↓

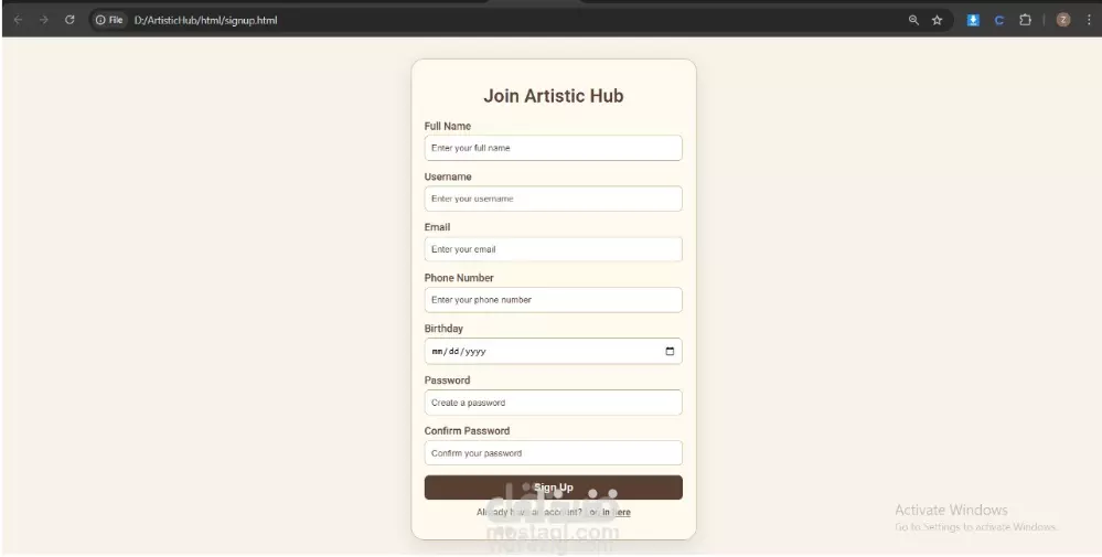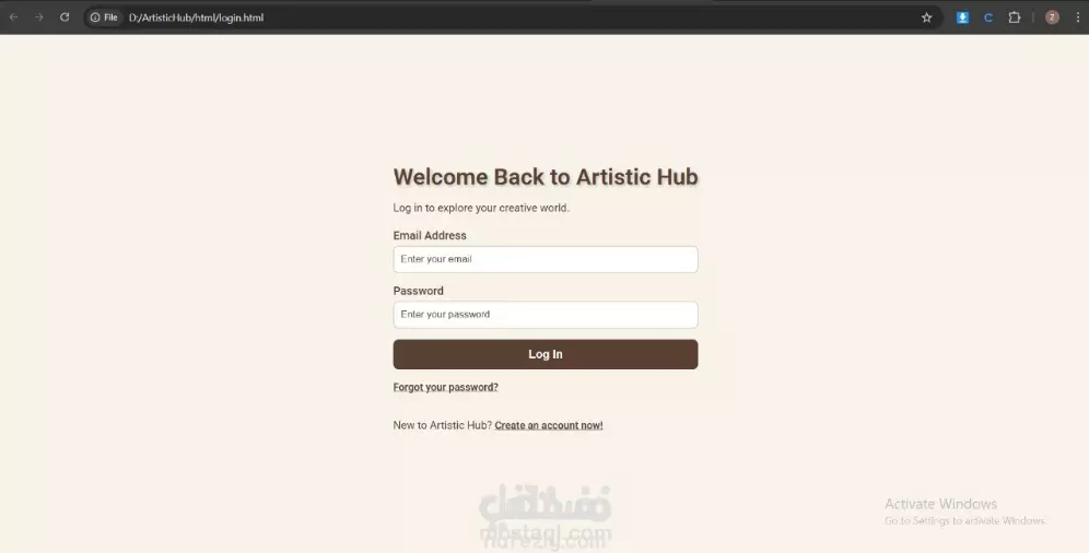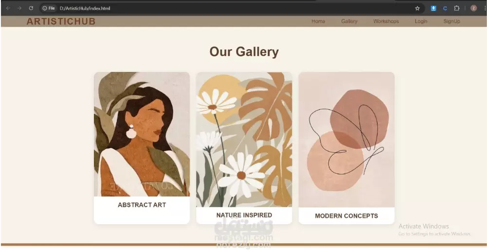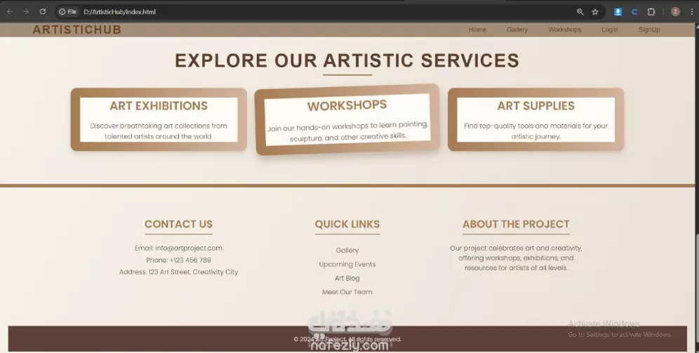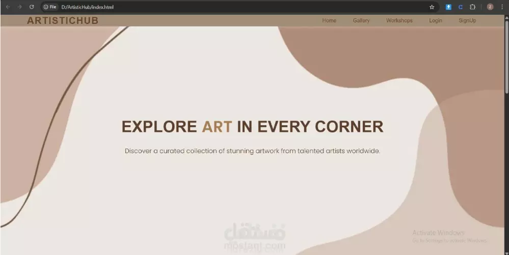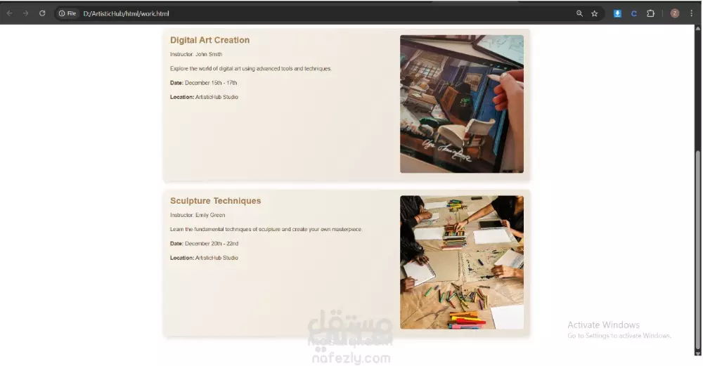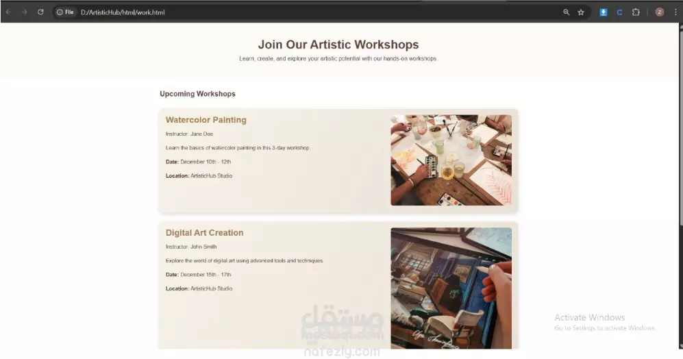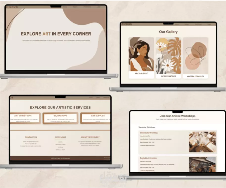 موقع ويب تفاعلي متعدد الصفحات يتيح للمستخدمين استكشاف الفن العالمي والانضمام إلى ورش العمل الفنية. يضم الموقع صفحات: الرئيسية، المعرض (Gallery)، ورش العمل (Workshops)، تسجيل الدخول والتسجيل، مع تصميم متجاوب وسلس يضمن تجربة مستخدم ممتازة. تم التركيز على واجهة مستخدم واضحة وعصرية، وعرض المحتوى بطريقة منظمة وجذابة.
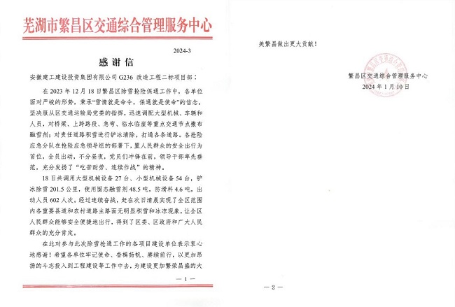 1月11日,繁昌区G236改造工程项目部收到繁昌区交通综合管理服务中心送来的感谢信,信中对繁昌区G236改造工程项目部在强降雪天气中,高效的除雪抢通工作表达了充分肯定,并致以衷心的感谢。
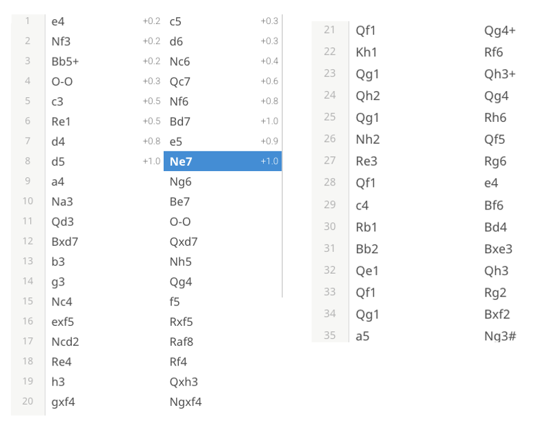Op zet 28…,e4. Ik sta nu ineens 2.9 punten achter. Gelukkig heeft mijn tegenstander nu ook last van die tijdscontrole. Hij besluit tot de zeer matige zet 29.c4. Prachtig. Ik wilde heel graag mijn inactieve loper activeren, en dat kan nu met tempo.29….,Lf6 30.Tb1,Ld4. Fabio blijft hierna geen goede zetten meer vinden. 31.Lb2 is dramatisch, want ik pak een volle toren terug op e3. Als wit besluit om die loper te pakken volgt een vork met Pg3+ en de dame valt. Maar wat nu gebeurt is nog veel slechter.
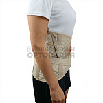 <p version="2">Изготовлен из мягкого и в то же время прочного комбинированного материала с высоким содержанием хлопка и эластичных волокон. Оснащен четырьмя ребрами жесткости по спинке, широкой поддерживающей панелью, системой эластичных ремней с застежками для точной индивидуальной фиксации. Применяется при выраженных болях в поясничном отделе, радикулите, миозите, грыжах дисков, мышечной слабости. Особенности: эргономичная анатомическая форма, многослойная фиксация, комфорт даже при продолжительном ношении.</p>
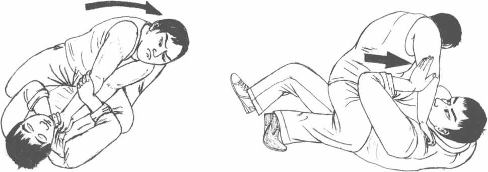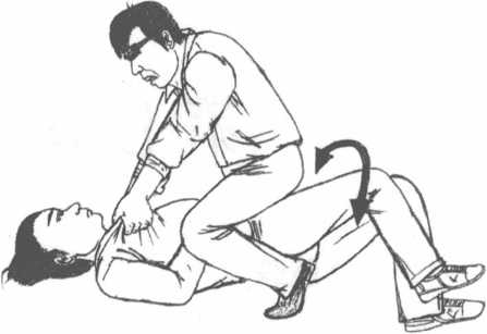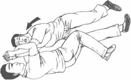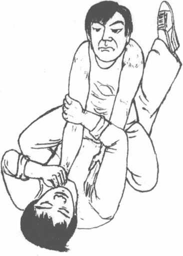 万一对方是个颇富打斗经验的盗贼不畏于你的抵御架势或者躲开你的大力顶膝再度骑上你的身体。这一次对方可能更拼命所以又回来扼你的脖子时你要用两手将对方手肘的部分向横侧紧束用尽力气直至其两肘靠拢为止然后抓着对方的两肘向横侧倒。因两肘完全受到遏制所以对方一定不能动弹。(图7-4?6)
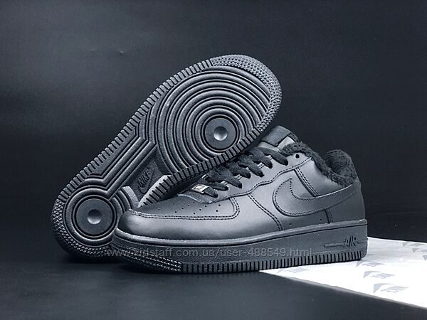 Подробное описание: Зимові чоловічі кросівки з хутром Nike Air Force, чорні, шкіра
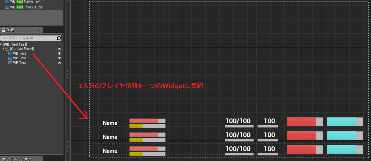 上記はパーツ化したTimeゲージや名前テキストを組み合わせたWidgetです。
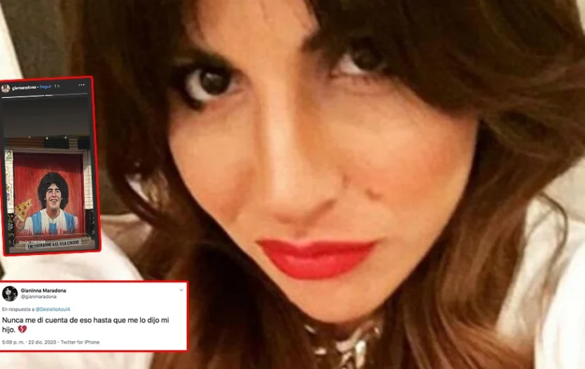 El 25 de noviembre, una hora antes de que se conociera la noticia de la muerte del ídolo máximo de todos los tiempos, Gianinna subió a Instagram la foto de un mural de su papá que había encontrado en la calle. En la pintada, Diego está comiendo una porción de pizza con la camiseta del seleccionado nacional. Pura emoción.
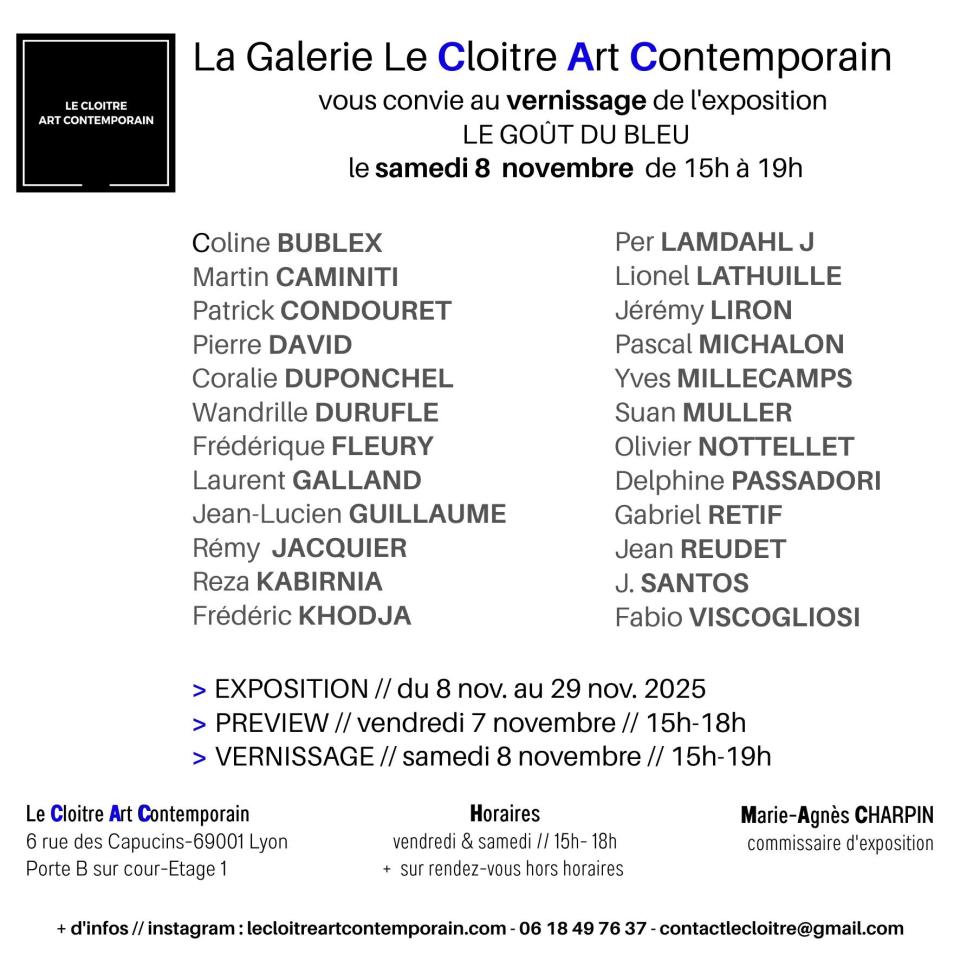 La galerie Le Cloitre Art Contemporain vous convie au vernissage de l'exposition collective "Le goût du bleu" le samedi 8 novembre de 15h à 18h en présence des artistes.
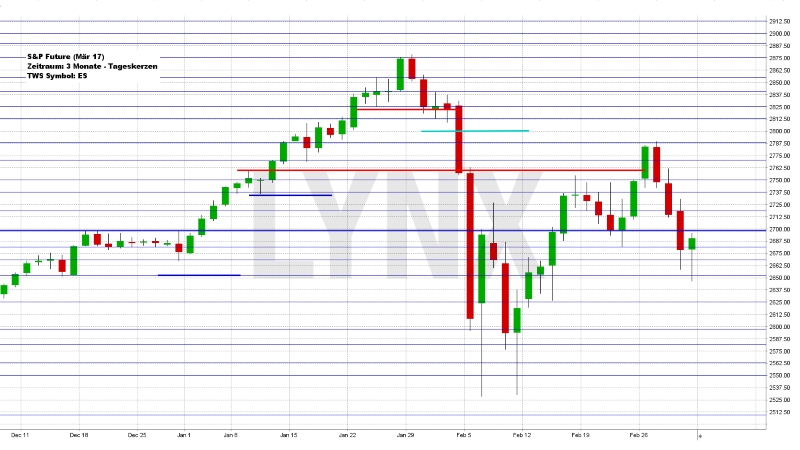 Der S&P-Future konnte in der vergangenen Handelswoche nur kurz Stärke beweisen. Nachdem es am Montag zu neuen Bewegungshochs kam, sackte er im Laufe der Handelswoche bis auf das Wochentief von rund 2.650,00 ab. Die Handelstage Dienstag bis Donnerstag waren zeitweise sauber abwärts gerichtet, am Freitag erholte sich der Markt jedoch wieder leicht bis zu einem Freitagsschlusskurs knapp vor der wichtigen Marke von 2.700,00. In der kommenden Handelswoche sollte die Marke von 2.700,00 richtungsentscheidend sein. Kurse darunter wären weiterhin mit einem Abwärtsvorteil versehen und weitere Verkäufe sind denkbar. Sollte es der S&P jedoch erneut über diesen Bereich schaffen, so sind Kurse – vorab bis 2.750,00 – ebenfalls denkbar. Käufe sollten jedoch vorerst eher defensiver angegangen werden.

↑

▶ _INSTRUCTIONS FOR THE TASK_: Without including the pictures, copy all of the data exactly.

▶ _OUTPUT BELOW_:
 موقع ويب تفاعلي متعدد الصفحات يتيح للمستخدمين استكشاف الفن العالمي والانضمام إلى ورش العمل الفنية. يضم الموقع صفحات: الرئيسية، المعرض (Gallery)، ورش العمل (Workshops)، تسجيل الدخول والتسجيل، مع تصميم متجاوب وسلس يضمن تجربة مستخدم ممتازة. تم التركيز على واجهة مستخدم واضحة وعصرية، وعرض المحتوى بطريقة منظمة وجذابة.
 1月11日,繁昌区G236改造工程项目部收到繁昌区交通综合管理服务中心送来的感谢信,信中对繁昌区G236改造工程项目部在强降雪天气中,高效的除雪抢通工作表达了充分肯定,并致以衷心的感谢。
Op zet 28…,e4. Ik sta nu ineens 2.9 punten achter. Gelukkig heeft mijn tegenstander nu ook last van die tijdscontrole. Hij besluit tot de zeer matige zet 29.c4. Prachtig. Ik wilde heel graag mijn inactieve loper activeren, en dat kan nu met tempo.29….,Lf6 30.Tb1,Ld4. Fabio blijft hierna geen goede zetten meer vinden. 31.Lb2 is dramatisch, want ik pak een volle toren terug op e3. Als wit besluit om die loper te pakken volgt een vork met Pg3+ en de dame valt. Maar wat nu gebeurt is nog veel slechter.
 <p version="2">Изготовлен из мягкого и в то же время прочного комбинированного материала с высоким содержанием хлопка и эластичных волокон. Оснащен четырьмя ребрами жесткости по спинке, широкой поддерживающей панелью, системой эластичных ремней с застежками для точной индивидуальной фиксации. Применяется при выраженных болях в поясничном отделе, радикулите, миозите, грыжах дисков, мышечной слабости. Особенности: эргономичная анатомическая форма, многослойная фиксация, комфорт даже при продолжительном ношении.</p>
 万一对方是个颇富打斗经验的盗贼不畏于你的抵御架势或者躲开你的大力顶膝再度骑上你的身体。这一次对方可能更拼命所以又回来扼你的脖子时你要用两手将对方手肘的部分向横侧紧束用尽力气直至其两肘靠拢为止然后抓着对方的两肘向横侧倒。因两肘完全受到遏制所以对方一定不能动弹。(图7-4?6)
 Подробное описание: Зимові чоловічі кросівки з хутром Nike Air Force, чорні, шкіра
 上記はパーツ化したTimeゲージや名前テキストを組み合わせたWidgetです。
 El 25 de noviembre, una hora antes de que se conociera la noticia de la muerte del ídolo máximo de todos los tiempos, Gianinna subió a Instagram la foto de un mural de su papá que había encontrado en la calle. En la pintada, Diego está comiendo una porción de pizza con la camiseta del seleccionado nacional. Pura emoción.
 La galerie Le Cloitre Art Contemporain vous convie au vernissage de l'exposition collective "Le goût du bleu" le samedi 8 novembre de 15h à 18h en présence des artistes.
 Der S&P-Future konnte in der vergangenen Handelswoche nur kurz Stärke beweisen. Nachdem es am Montag zu neuen Bewegungshochs kam, sackte er im Laufe der Handelswoche bis auf das Wochentief von rund 2.650,00 ab. Die Handelstage Dienstag bis Donnerstag waren zeitweise sauber abwärts gerichtet, am Freitag erholte sich der Markt jedoch wieder leicht bis zu einem Freitagsschlusskurs knapp vor der wichtigen Marke von 2.700,00. In der kommenden Handelswoche sollte die Marke von 2.700,00 richtungsentscheidend sein. Kurse darunter wären weiterhin mit einem Abwärtsvorteil versehen und weitere Verkäufe sind denkbar. Sollte es der S&P jedoch erneut über diesen Bereich schaffen, so sind Kurse – vorab bis 2.750,00 – ebenfalls denkbar. Käufe sollten jedoch vorerst eher defensiver angegangen werden.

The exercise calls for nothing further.